Due to Madagascar's rampant rate of human population growth and deforestation, its incredible species diversity, the widespread presence of domestic and invasive species, and its evolutionary isolation, it can be viewed as a high risk region for potential disease emergence. There is a need for assessment of the zoonotic and reverse zoonotic disease potential within this country.
To contribute to this assessment, consistent baseline health monitoring provides an effective tool for evaluating wildlife health and preparing for future disease occurrences.

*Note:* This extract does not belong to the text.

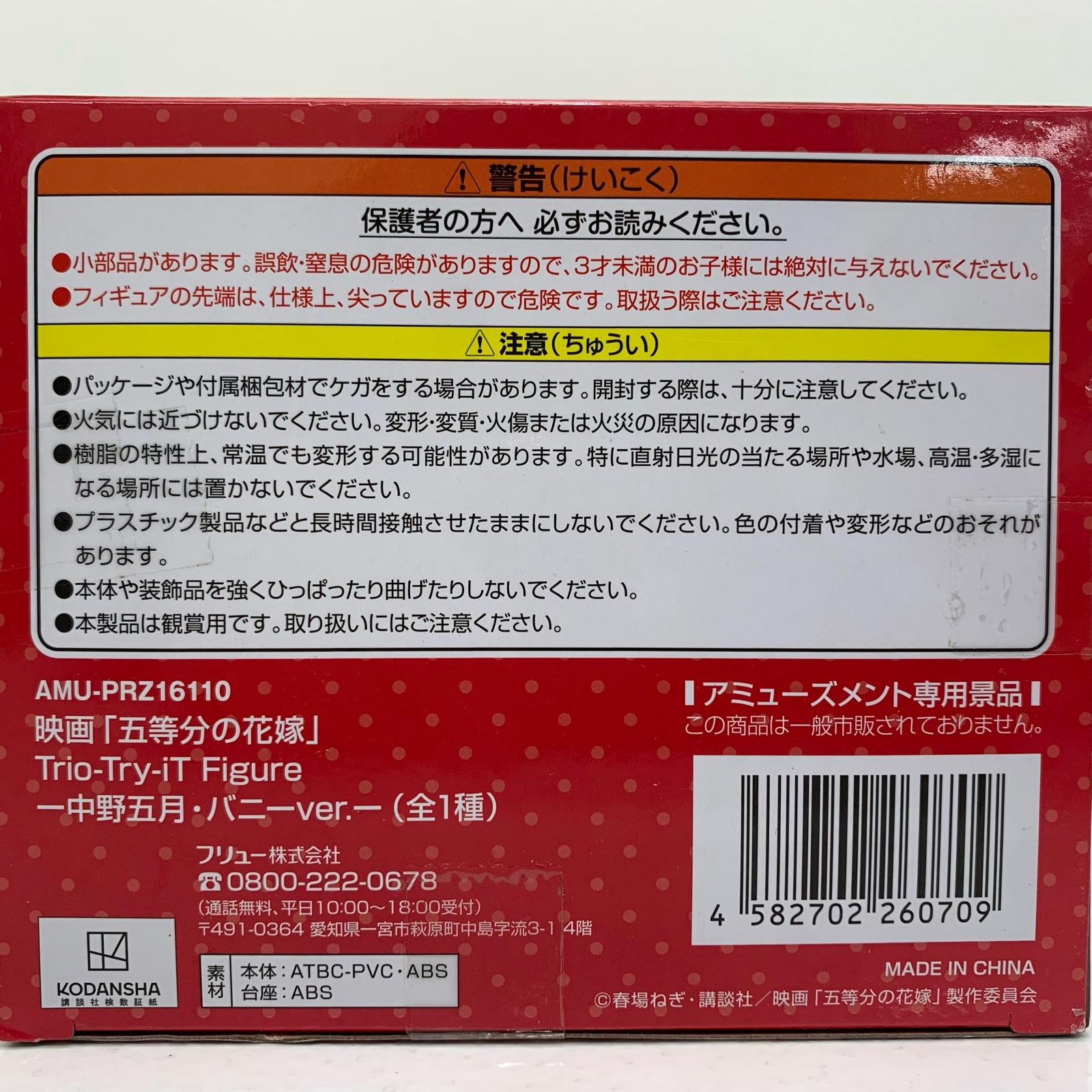 | 商品名 | 【中古】 中野五月「映画五等分の花嫁」Trio-Try-iTFigure-中野五月・バニーver.- 五等分の花嫁 フィギュア 中野五月 Trio-Try-iT AMUPRZ16110 | ||

Limited, disconnected surveys of lemur health have occurred, yet there remained a need for more extensive, country-wide evaluations that also addresses invasive species, domestic animal and human health, as well shifting patterns of environmental and climatic change.

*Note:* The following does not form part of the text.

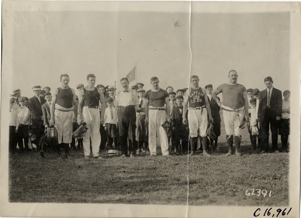 View of five athletes, probably tug of war competitors, posing with spectators at the 1910 Flatbush Marathon race. Man on right wears jersey emblazoned with "Captain, U.B.A., L.U. 59." Stamped on back: "Spooner & Wells, Inc., photographers, telephones 3472-3473 Columbus, 1931 Broadway, New York." Handwritten on back: "The Flatbush Marathon. Sporting events--Track and field, 1910."

This research has investigated the connections among human, animal (both domestic and wildlife) and ecosystem health in Madagascar. I have examined current trends in anthropogenically-driven environmental change in Madagascar--including deforestation, illegal logging of precious hardwoods, mining, hunting, and agriculture--and evaluated how this change affects patterns of lemur, domestic animal and human health by evaluating a suite of health measures and parasite prevalence and richness. I have also examined how predicted global climate changes may influence the spatial patterns of lemur parasites and human infectious disease by assessing their shifts in distributions and geographic extent.

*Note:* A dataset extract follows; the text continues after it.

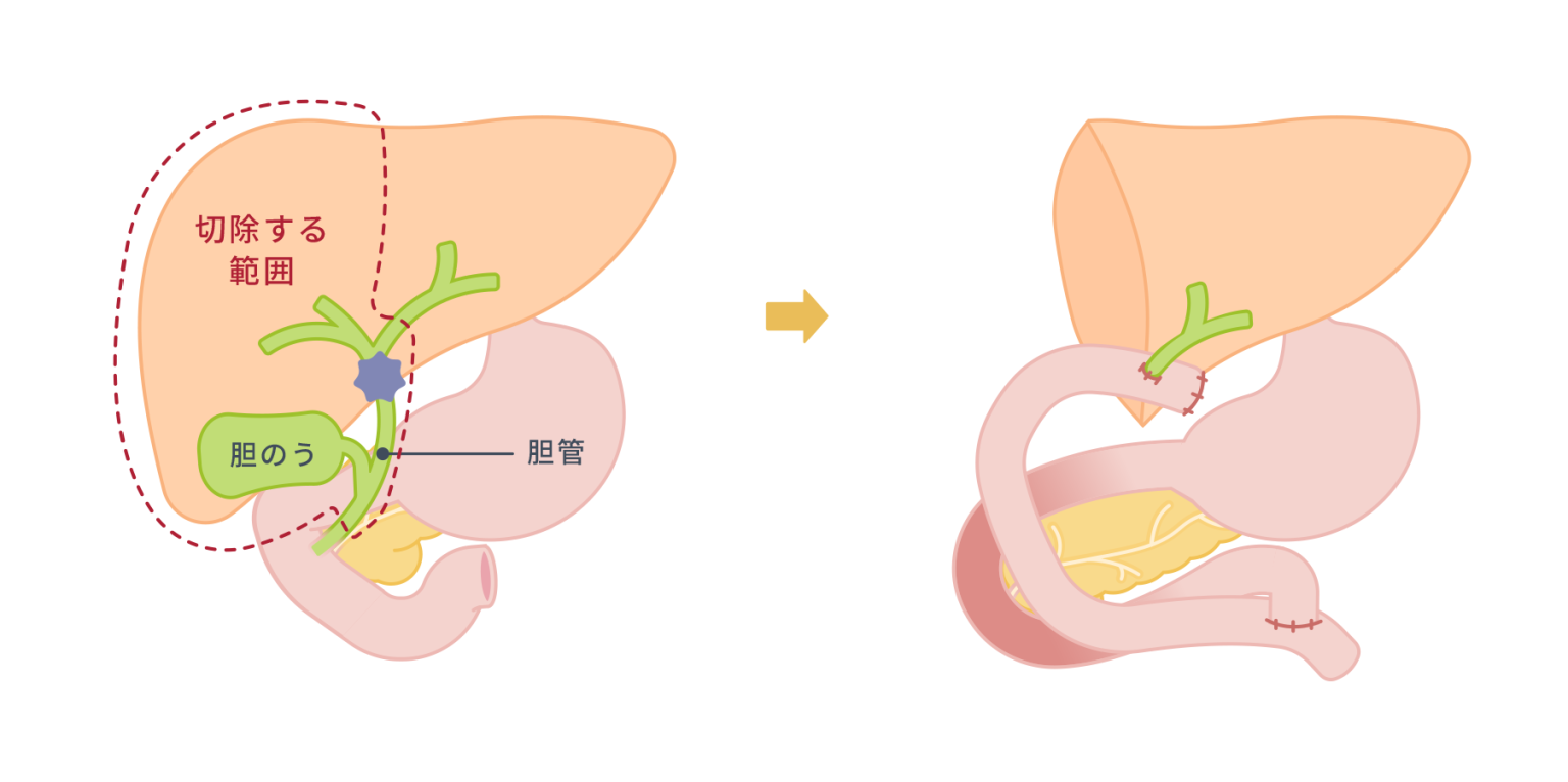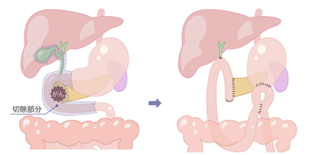 がんのある部位を切除して再建する手術です。肝内胆管がんと肝門部領域胆管がんでは肝臓を含めて切除を行います。遠位胆管がんでは膵頭十二指腸切除術が標準的な手術となります。がんの部位や進行度、周囲の臓器への浸潤があるかなどにより、様々な術式が用いられますが、がんの根治(がんをとりきる)を前提としたうえで、なるべく患者様の身体に負担が軽い手術が行われます。

To assess the risk of disease transmission among lemur, domestic animal and human hosts, I have modeled the areas of geographic overlap among these parasites and their hosts and identified high-risk areas for disease emergence using geospatial analysis. This information can help to develop predictive statistical and spatial tools, which can inform both environmental management and public health planning.
Through this work, I have evaluated the severe loss of distribution that rosewood species have undergone, which highly qualifies them for international trade protection. We predicted areas of high risk for future logging, many of which occurred within protected areas in the biodiverse northeast.
Secondly, I have compiled the most comprehensive record of parasites of lemurs to date. Building upon the Prosimian Biomedical Survey Project data and the published literature, we have recorded 88 parasites that have been documented in lemurs. These are composed of helminths, bacteria, ectoparasites and protozoa. Of the 23 focal parasite species studied more in depth in this study, we noted high variability in prevalence measures for unique parasites at different sites. Parasite coinfection occurred quite commonly, with up to as many as 7 parasites concurrently. On average, lemur parasites tend to be less species-, genus-, or family-specific than other parasites across all primates.
Thirdly, I documented highly significant differences in health measures from two populations of Indri that exist under differing levels of anthropogenic pressure. Of note, the parasite richness, leukocyte count and differential, and nickel and cobalt levels were significantly higher in the more exposed population, while the total protein measures were significantly lower. These data suggest that the exposed population experiencing more anthropogenic pressure suffered from elevated health and nutritional stress.
Fourthly, I have documented strong correlations among environmental drivers (temperature, precipitation and landscape-scale features) and lemur parasite distributions. Striking shifts in their distributions are predicted to occur with projected climate change in Madagascar, including an expansion of helminth, virus and ectoparasite distributions, but a contraction of bacteria distributions due to warming and drying in the south.
Fifthly, I have examined 10 human and domestic animal parasites that hold great consequence for lemur, human and domestic animal health in Madagascar. I have similarly demonstrated strong correlations among environmental drivers (temperature, precipitation and landscape-scale features) and the distributions of these human parasites. Shifts in the distributions are also predicted to occur with projected climate change, including an expansion of helminth parasites, and a contraction of viruses and bacteria due to warming and drying in the south. I have identified areas of high risk for the transmission of parasites from human hosts to lemurs, as well as conversely from lemur hosts to humans. These risk indices will serve to highlight geographic areas at particular risk, and will also help to direct limited funds and staff to those areas most in need of attention.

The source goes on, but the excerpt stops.